§ What you are asked to do: What is needed is an exact transcription of the line containing "进一步通过掩码引导、特征引导" and every line after it through the end of the entries below, with no pictures.

§ Exercise inputs:
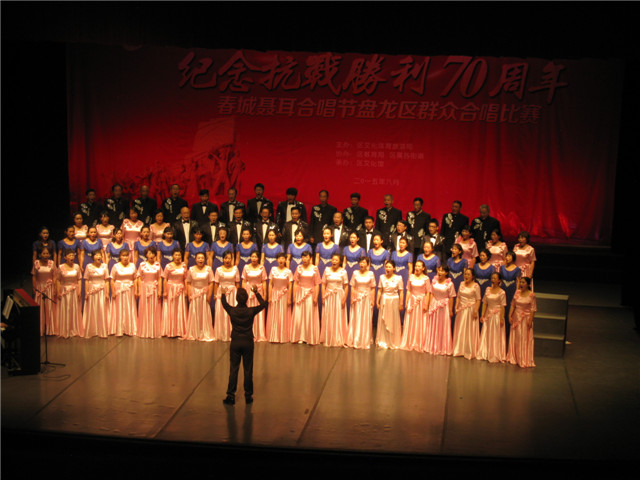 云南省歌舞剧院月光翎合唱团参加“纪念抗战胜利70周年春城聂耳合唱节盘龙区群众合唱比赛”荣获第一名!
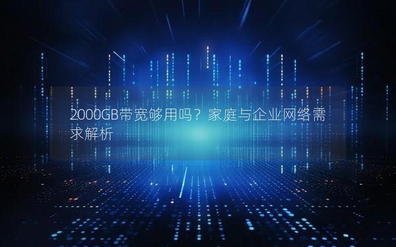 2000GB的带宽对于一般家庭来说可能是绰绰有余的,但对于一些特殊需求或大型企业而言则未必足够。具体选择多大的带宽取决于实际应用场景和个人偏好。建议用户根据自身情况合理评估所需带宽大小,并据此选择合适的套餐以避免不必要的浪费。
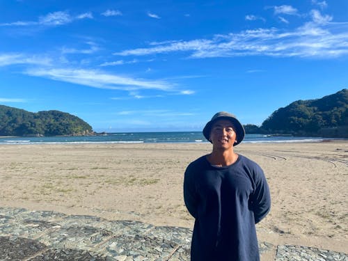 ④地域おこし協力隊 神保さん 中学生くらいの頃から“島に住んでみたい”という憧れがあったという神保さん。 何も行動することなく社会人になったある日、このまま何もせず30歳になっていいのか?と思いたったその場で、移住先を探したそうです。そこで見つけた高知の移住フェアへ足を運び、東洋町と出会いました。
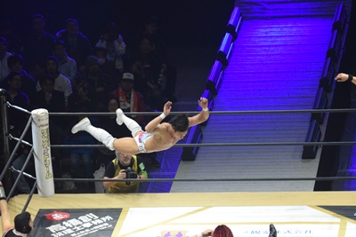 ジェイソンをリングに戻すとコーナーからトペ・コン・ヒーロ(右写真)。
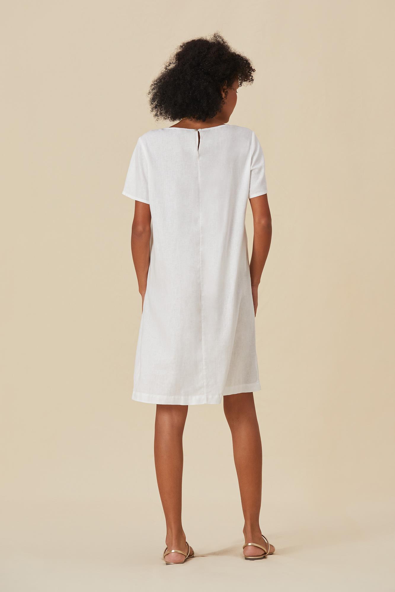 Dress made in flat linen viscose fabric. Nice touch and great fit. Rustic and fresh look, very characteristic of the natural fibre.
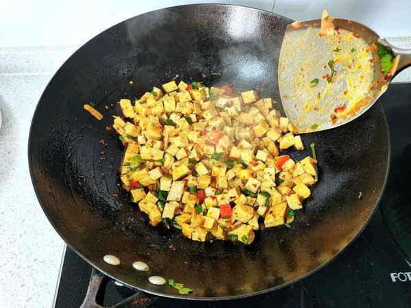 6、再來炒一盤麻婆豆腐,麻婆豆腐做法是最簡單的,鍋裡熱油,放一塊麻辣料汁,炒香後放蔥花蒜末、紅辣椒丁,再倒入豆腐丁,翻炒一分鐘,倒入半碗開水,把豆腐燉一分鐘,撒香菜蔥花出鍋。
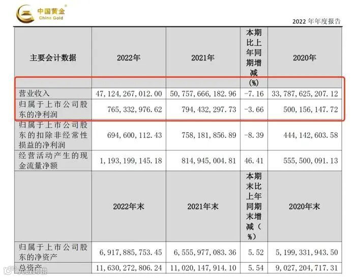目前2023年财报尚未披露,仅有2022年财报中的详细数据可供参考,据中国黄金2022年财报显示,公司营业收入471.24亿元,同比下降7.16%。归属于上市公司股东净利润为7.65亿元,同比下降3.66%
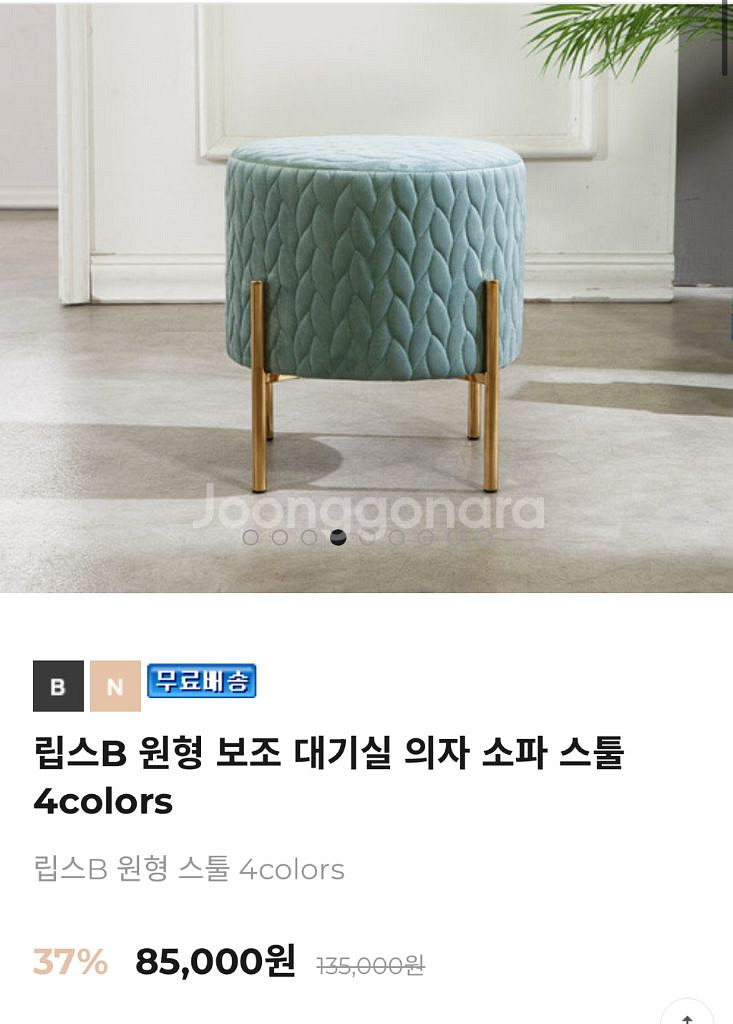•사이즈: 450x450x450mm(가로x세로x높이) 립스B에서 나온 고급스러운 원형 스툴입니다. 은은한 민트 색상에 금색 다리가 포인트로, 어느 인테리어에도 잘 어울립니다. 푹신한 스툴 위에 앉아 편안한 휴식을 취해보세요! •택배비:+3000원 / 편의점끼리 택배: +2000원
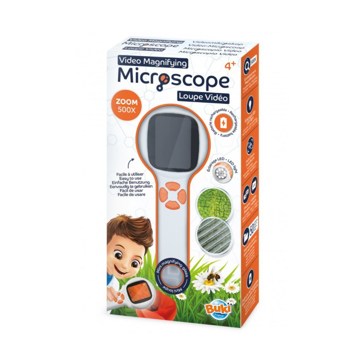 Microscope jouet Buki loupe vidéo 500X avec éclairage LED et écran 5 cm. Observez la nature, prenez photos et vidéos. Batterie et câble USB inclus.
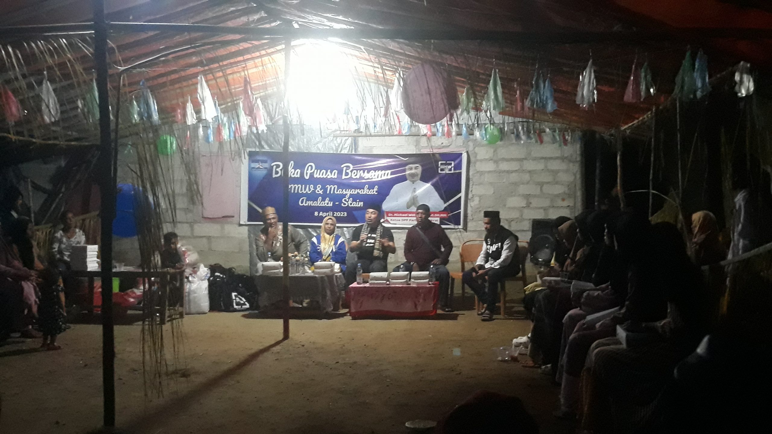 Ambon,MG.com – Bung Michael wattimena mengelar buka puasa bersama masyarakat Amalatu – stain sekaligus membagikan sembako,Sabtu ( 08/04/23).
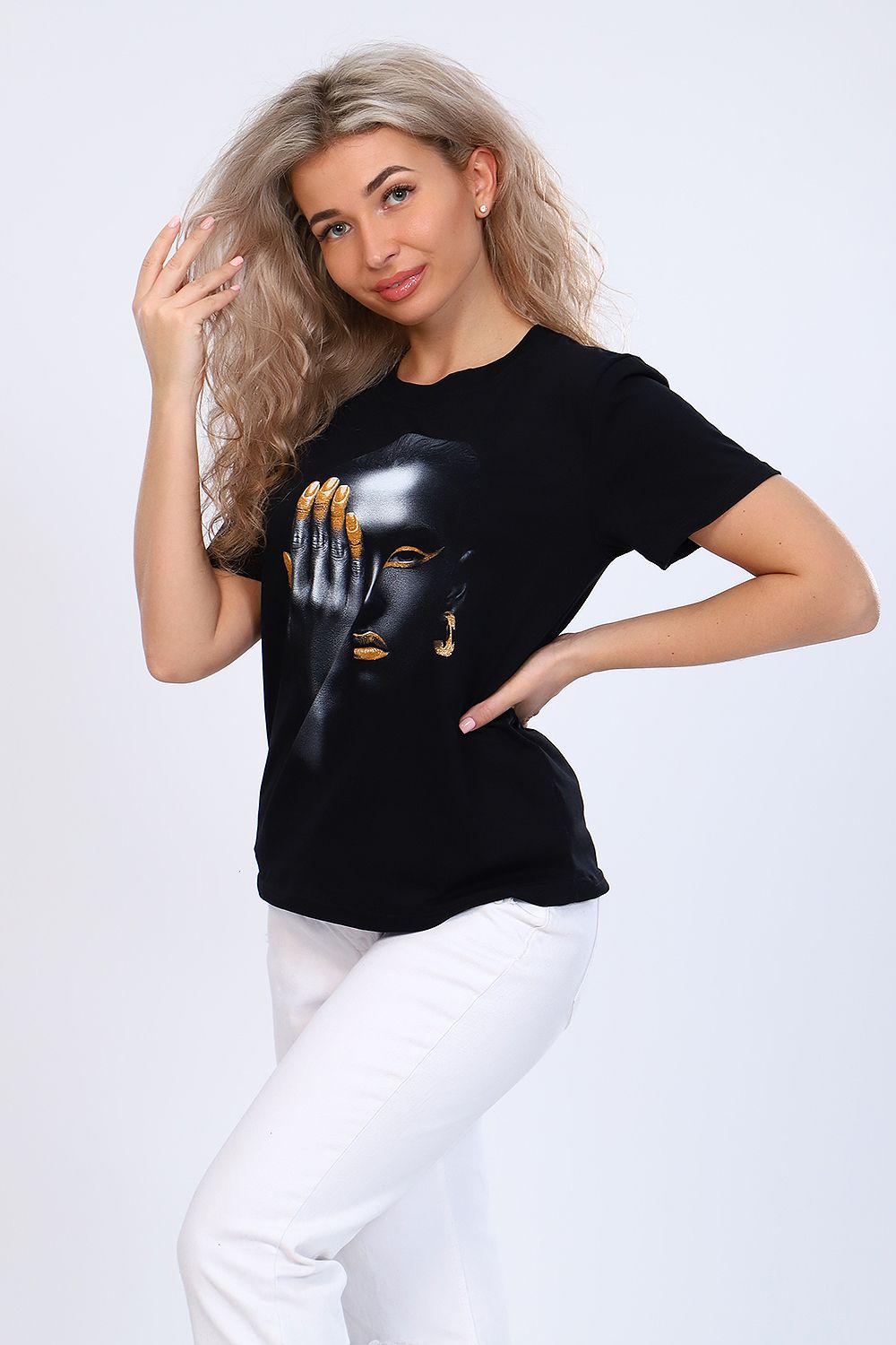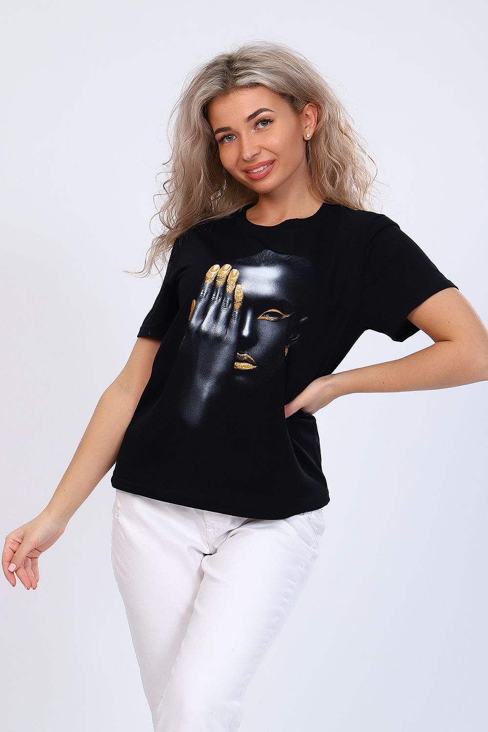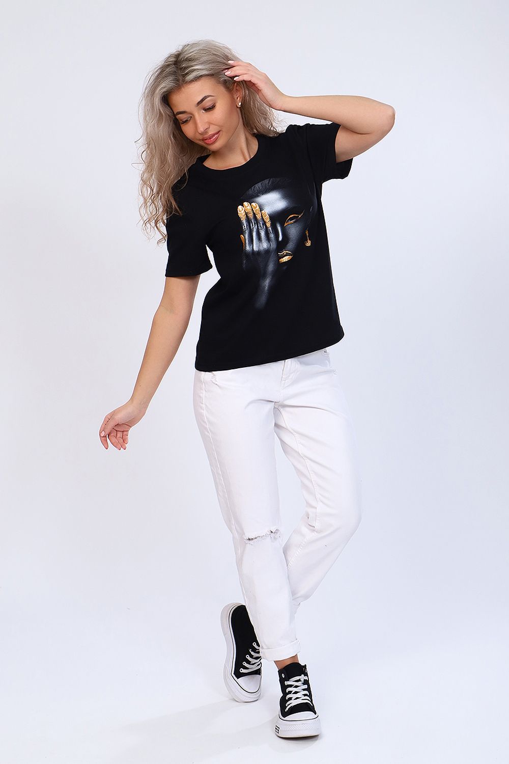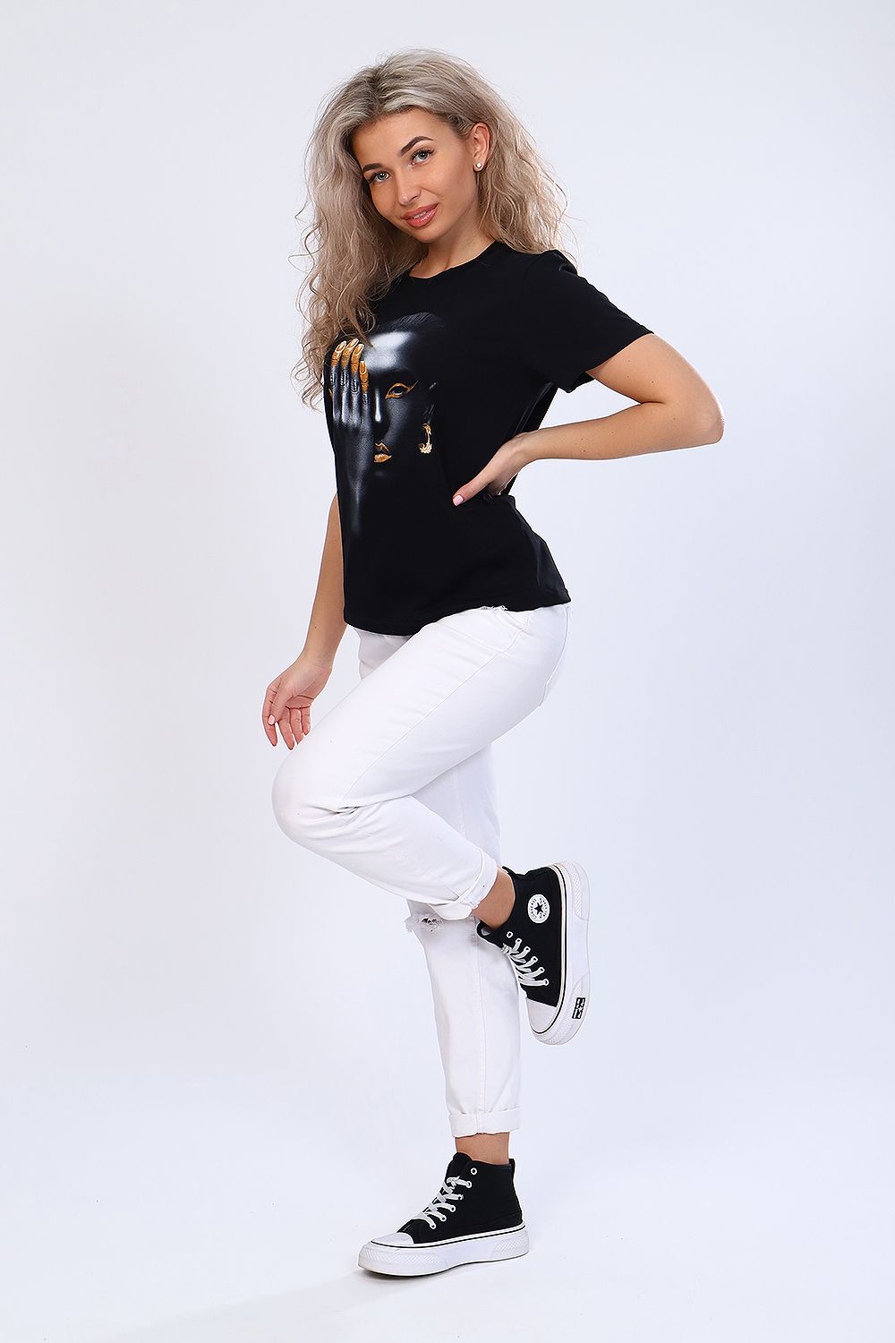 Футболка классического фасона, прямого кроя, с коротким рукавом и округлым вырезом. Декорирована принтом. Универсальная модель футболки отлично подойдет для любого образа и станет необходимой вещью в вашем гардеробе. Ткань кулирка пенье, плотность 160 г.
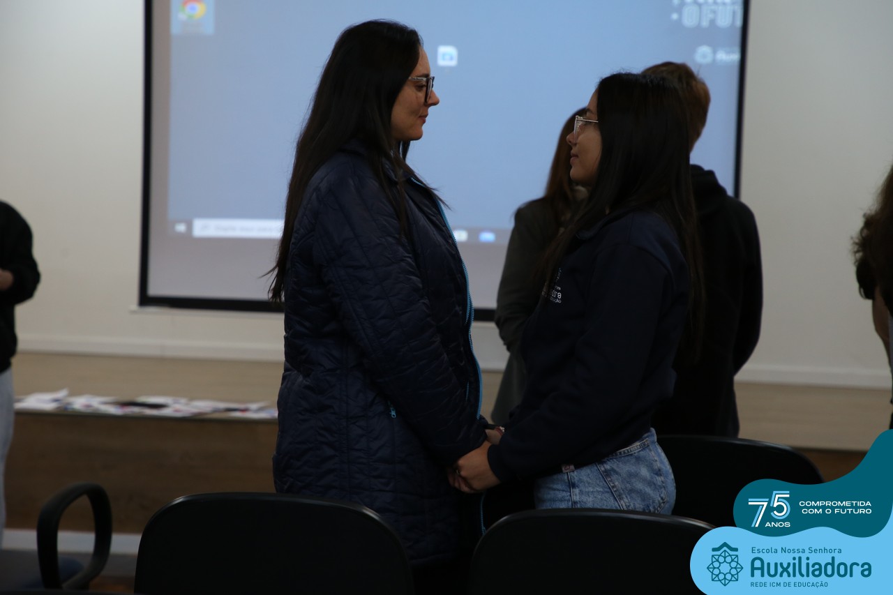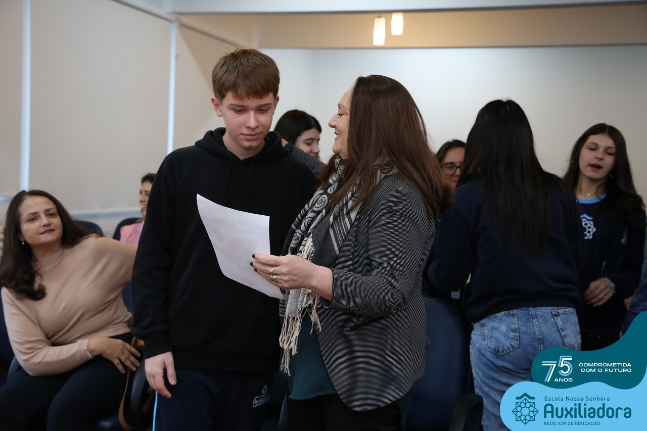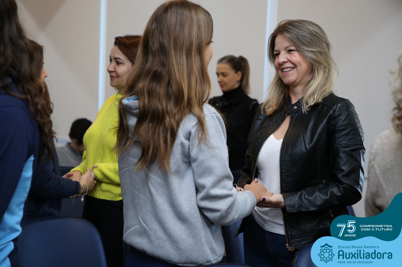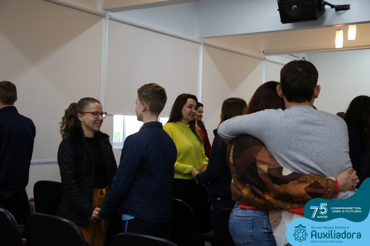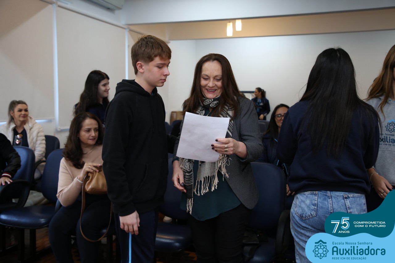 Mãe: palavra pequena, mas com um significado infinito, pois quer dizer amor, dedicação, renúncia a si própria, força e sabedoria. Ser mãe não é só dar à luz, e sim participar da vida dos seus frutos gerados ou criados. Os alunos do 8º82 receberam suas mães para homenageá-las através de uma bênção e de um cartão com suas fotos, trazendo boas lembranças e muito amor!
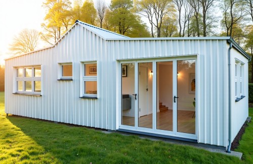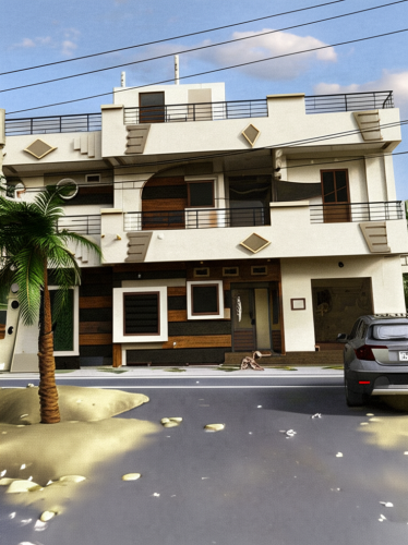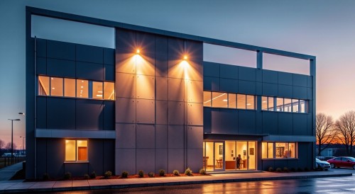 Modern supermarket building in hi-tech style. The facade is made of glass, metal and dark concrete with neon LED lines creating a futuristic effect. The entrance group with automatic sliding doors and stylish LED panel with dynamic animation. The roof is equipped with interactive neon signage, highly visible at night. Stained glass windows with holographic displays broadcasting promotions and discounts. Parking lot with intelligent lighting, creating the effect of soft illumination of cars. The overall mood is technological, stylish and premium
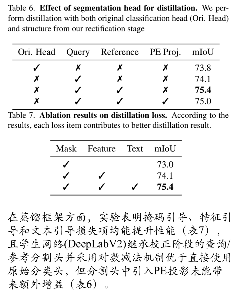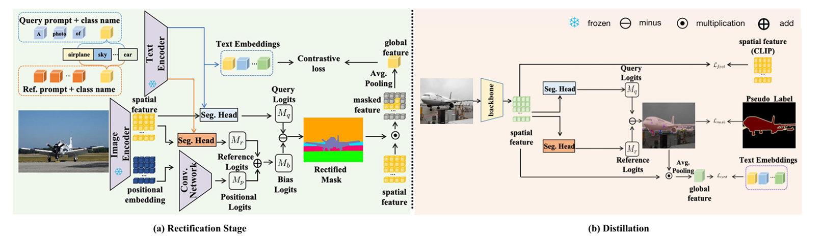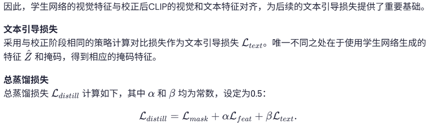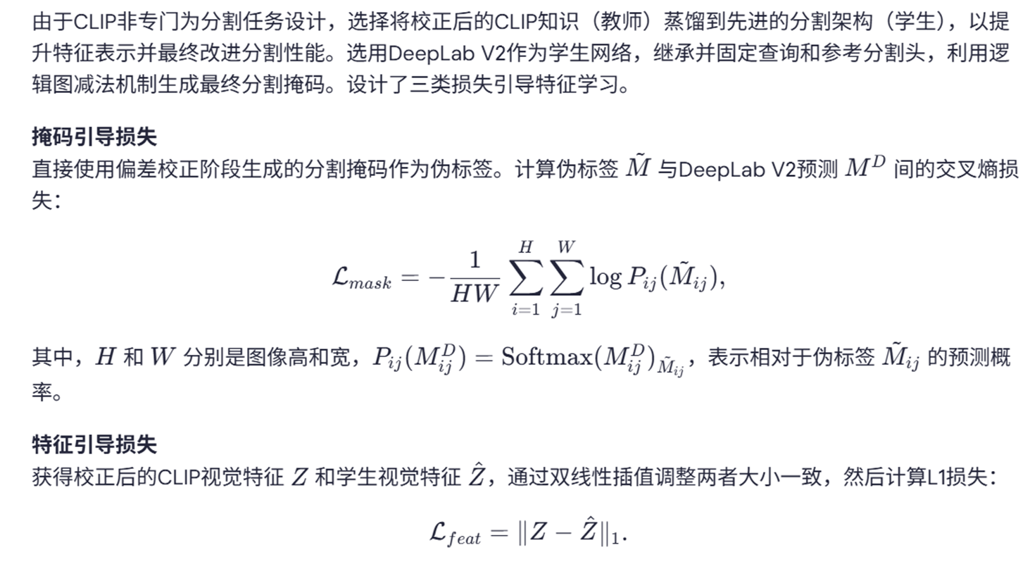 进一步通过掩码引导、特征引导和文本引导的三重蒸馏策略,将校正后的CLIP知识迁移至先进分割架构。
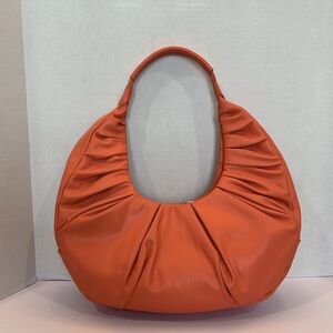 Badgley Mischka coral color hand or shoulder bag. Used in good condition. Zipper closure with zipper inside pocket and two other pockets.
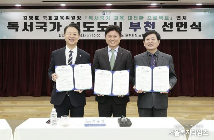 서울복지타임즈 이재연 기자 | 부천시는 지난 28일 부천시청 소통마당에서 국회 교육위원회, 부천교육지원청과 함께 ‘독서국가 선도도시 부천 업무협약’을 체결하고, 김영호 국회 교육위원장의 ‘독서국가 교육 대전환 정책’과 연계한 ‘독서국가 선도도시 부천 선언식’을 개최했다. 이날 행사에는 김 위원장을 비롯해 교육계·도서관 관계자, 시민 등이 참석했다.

§ Answer space:
 进一步通过掩码引导、特征引导和文本引导的三重蒸馏策略,将校正后的CLIP知识迁移至先进分割架构。
 Badgley Mischka coral color hand or shoulder bag. Used in good condition. Zipper closure with zipper inside pocket and two other pockets.
 서울복지타임즈 이재연 기자 | 부천시는 지난 28일 부천시청 소통마당에서 국회 교육위원회, 부천교육지원청과 함께 ‘독서국가 선도도시 부천 업무협약’을 체결하고, 김영호 국회 교육위원장의 ‘독서국가 교육 대전환 정책’과 연계한 ‘독서국가 선도도시 부천 선언식’을 개최했다. 이날 행사에는 김 위원장을 비롯해 교육계·도서관 관계자, 시민 등이 참석했다.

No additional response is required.